Given data START

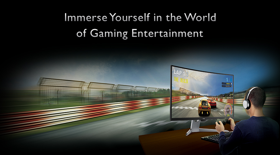 Het 32” grote display van de EX3203R houdt de aandacht vast en levert ronduit indrukwekkende beeldprestaties. De concave kromming van het 1800R-display* is ideaal voor een optimaal immersieve kijkervaring, vooral op het gebied van video-entertainment en gaming. *) Dat wil zeggen dat de radius 1800 mm zou bedragen bij cirkelvormige opstelling van meerdere EX3203R-displays.
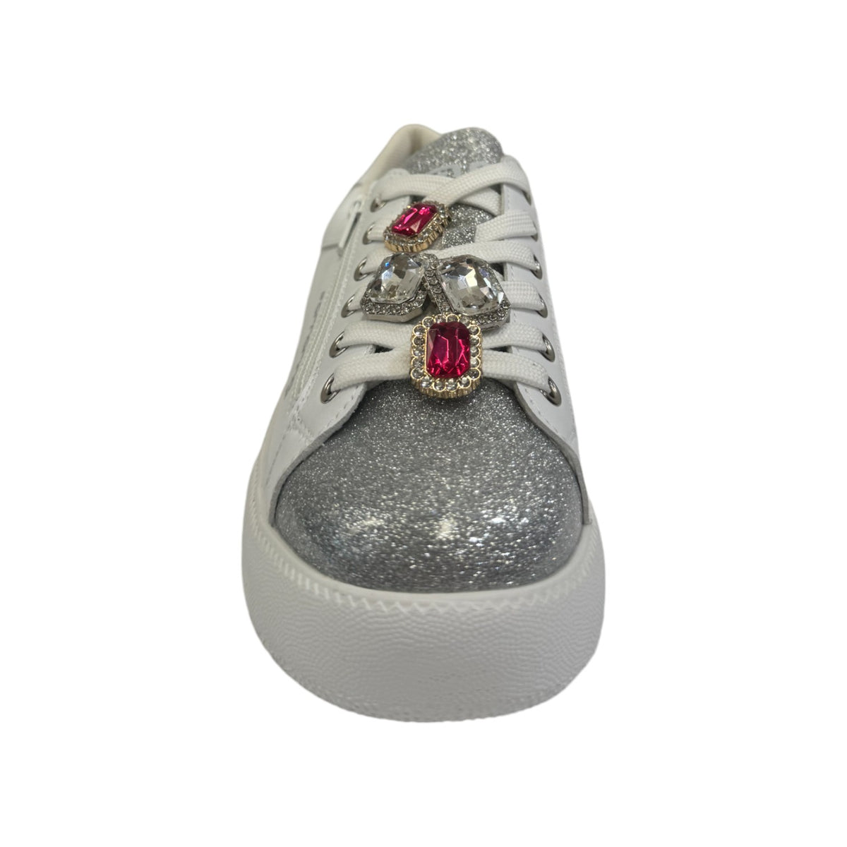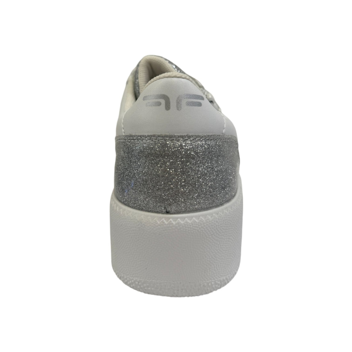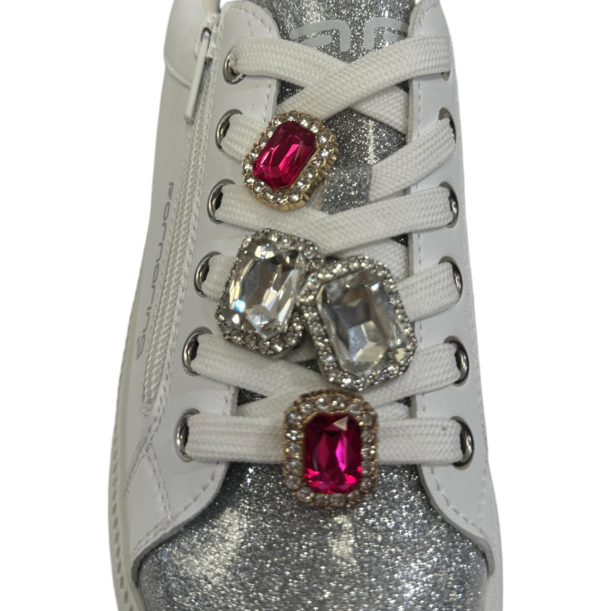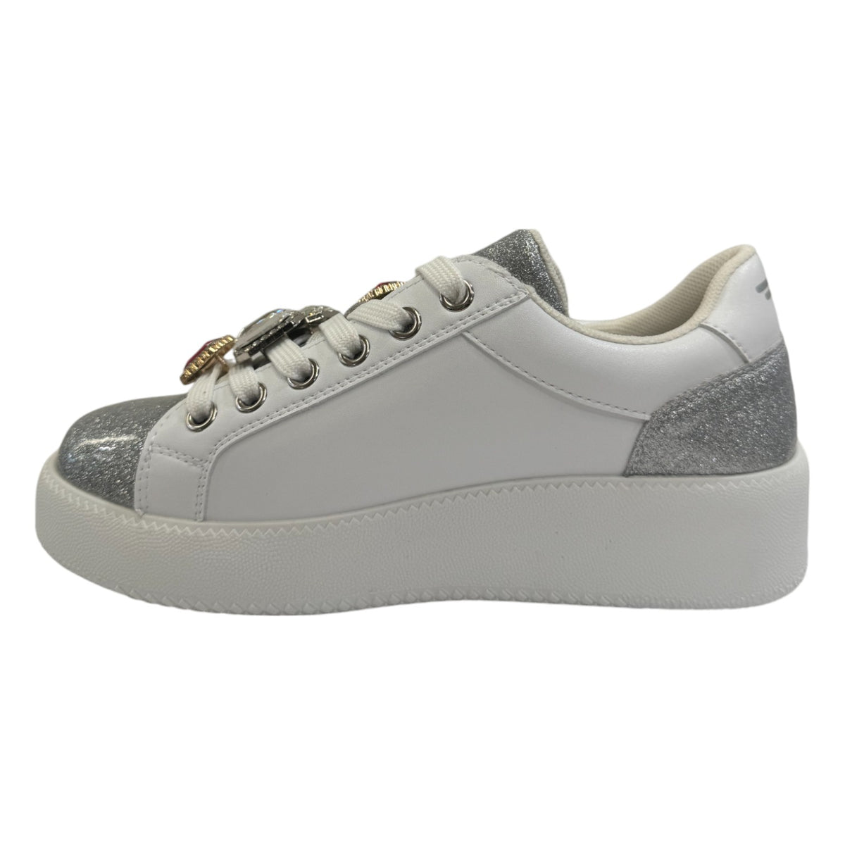 La Sneakers firmata Fornarina, realizzata in ecopelle bianca è caratterizzata da accessori gioiello removibili posizionati sui lacci e da glitter argento con scritta logo sempre argento sia laterale e sul talloncino, l'interno foderato in tessuto con sottopiede in pelle estraibile.
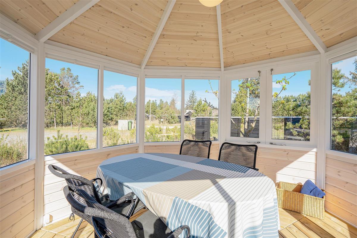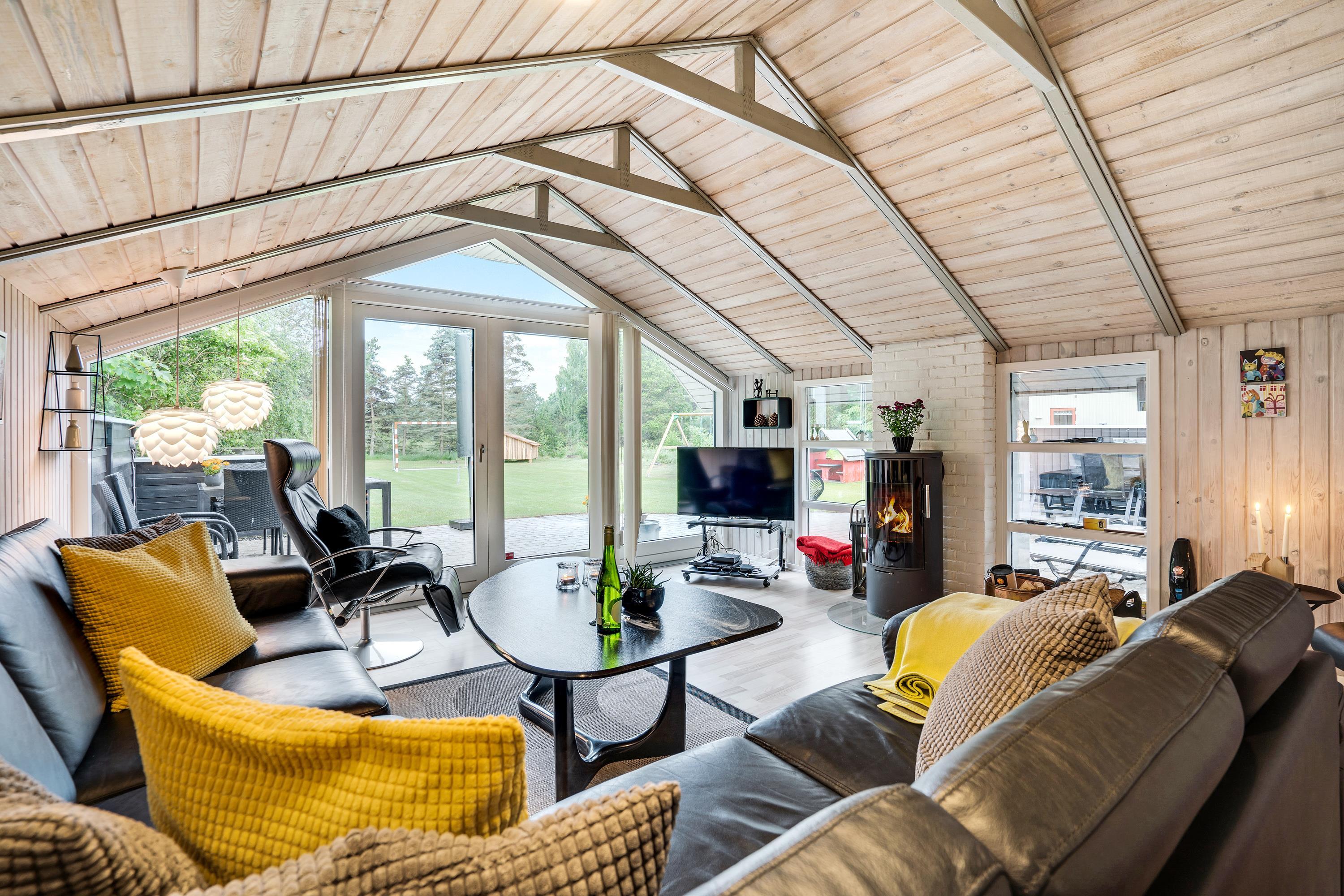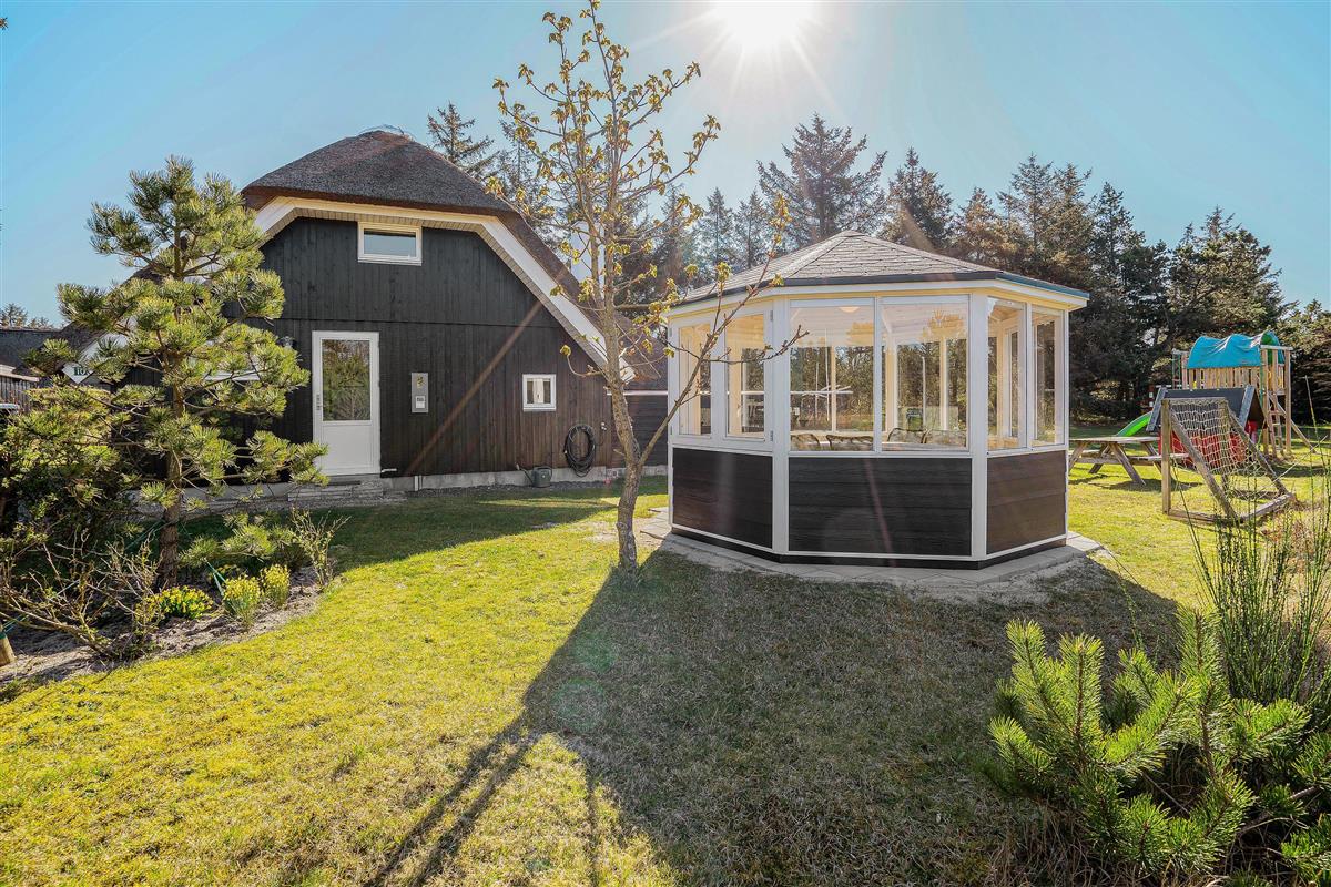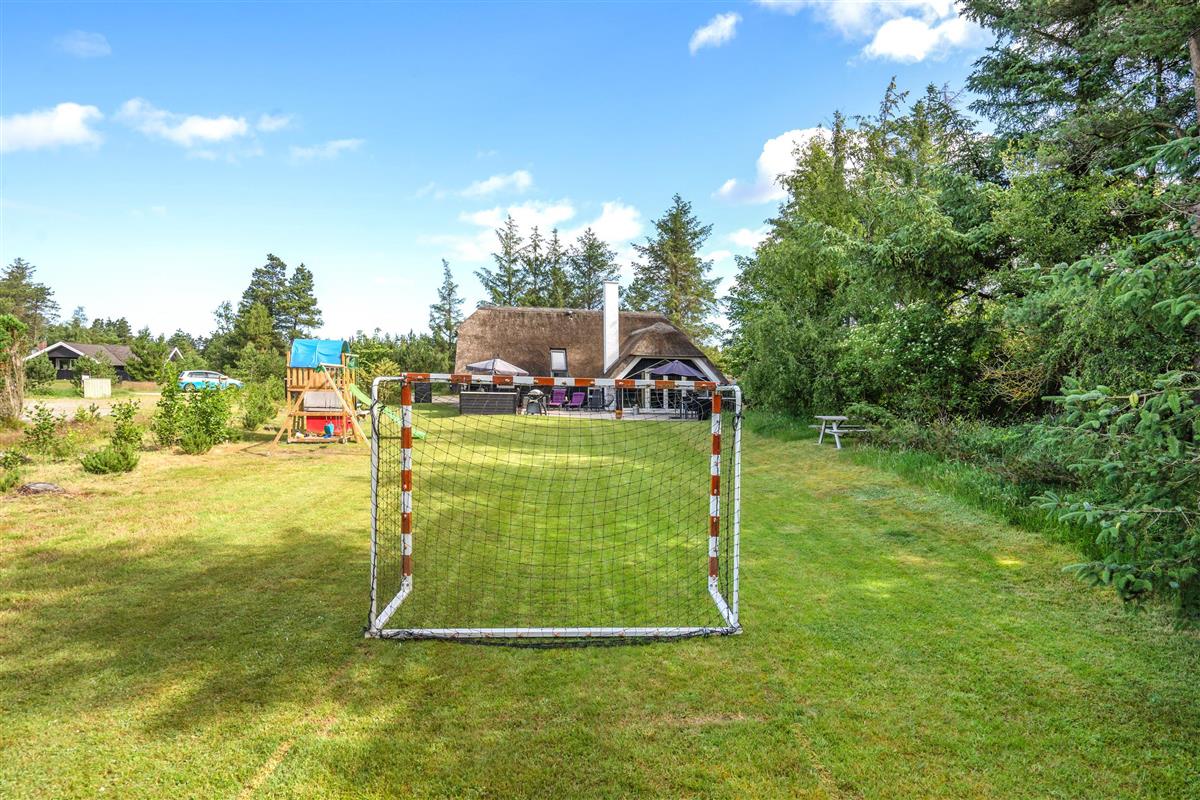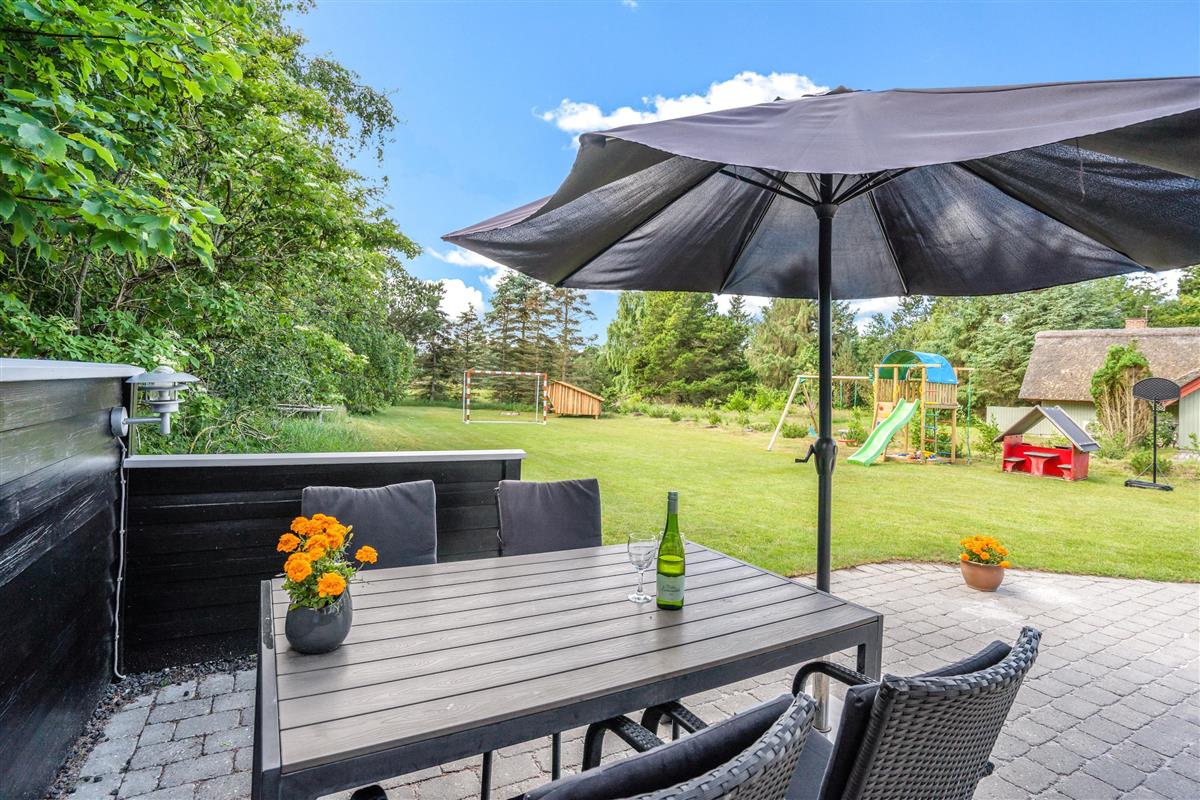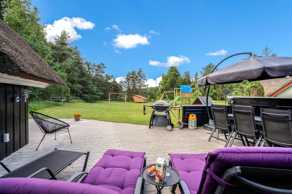 The extensive outdoor area is truly impressive. Not only does it offer quality garden furniture and a barbecue, but it's especially well-equipped for children. At Hestehaven 10, you'll find plenty of space, a climbing tower with slide, swings, a sandpit, room for ball games, a playhouse, and even a shelter where the more adventurous can sleep outdoors. Both your children and dogs can enjoy the abundant space and play facilities while you relax on the sheltered terrace.
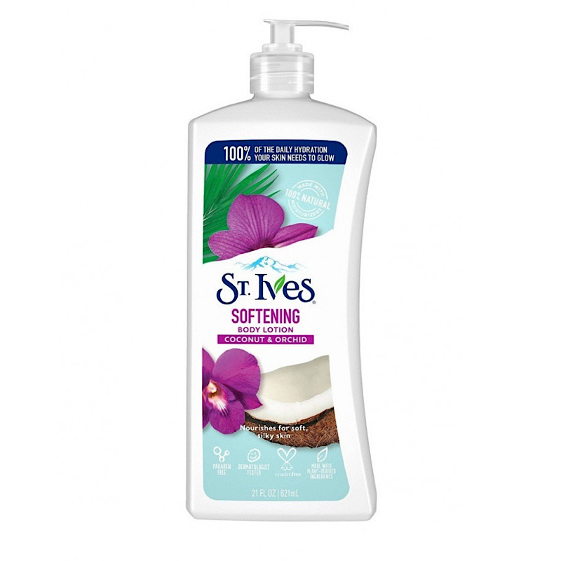 لوسیون بدن Softening از برند محبوب St. Ives با رایحه دلنشین نارگیل تازه و عصاره گل ارکیده، برای کسانی طراحی شده که به دنبال پوستی نرم، خوشبو و لطیف هستند.

Given data END

Your assignment: Leave out the pictures, and write out all the remaining data above exactly.

Task result:
 Het 32” grote display van de EX3203R houdt de aandacht vast en levert ronduit indrukwekkende beeldprestaties. De concave kromming van het 1800R-display* is ideaal voor een optimaal immersieve kijkervaring, vooral op het gebied van video-entertainment en gaming. *) Dat wil zeggen dat de radius 1800 mm zou bedragen bij cirkelvormige opstelling van meerdere EX3203R-displays.
 La Sneakers firmata Fornarina, realizzata in ecopelle bianca è caratterizzata da accessori gioiello removibili posizionati sui lacci e da glitter argento con scritta logo sempre argento sia laterale e sul talloncino, l'interno foderato in tessuto con sottopiede in pelle estraibile.
 The extensive outdoor area is truly impressive. Not only does it offer quality garden furniture and a barbecue, but it's especially well-equipped for children. At Hestehaven 10, you'll find plenty of space, a climbing tower with slide, swings, a sandpit, room for ball games, a playhouse, and even a shelter where the more adventurous can sleep outdoors. Both your children and dogs can enjoy the abundant space and play facilities while you relax on the sheltered terrace.
 لوسیون بدن Softening از برند محبوب St. Ives با رایحه دلنشین نارگیل تازه و عصاره گل ارکیده، برای کسانی طراحی شده که به دنبال پوستی نرم، خوشبو و لطیف هستند.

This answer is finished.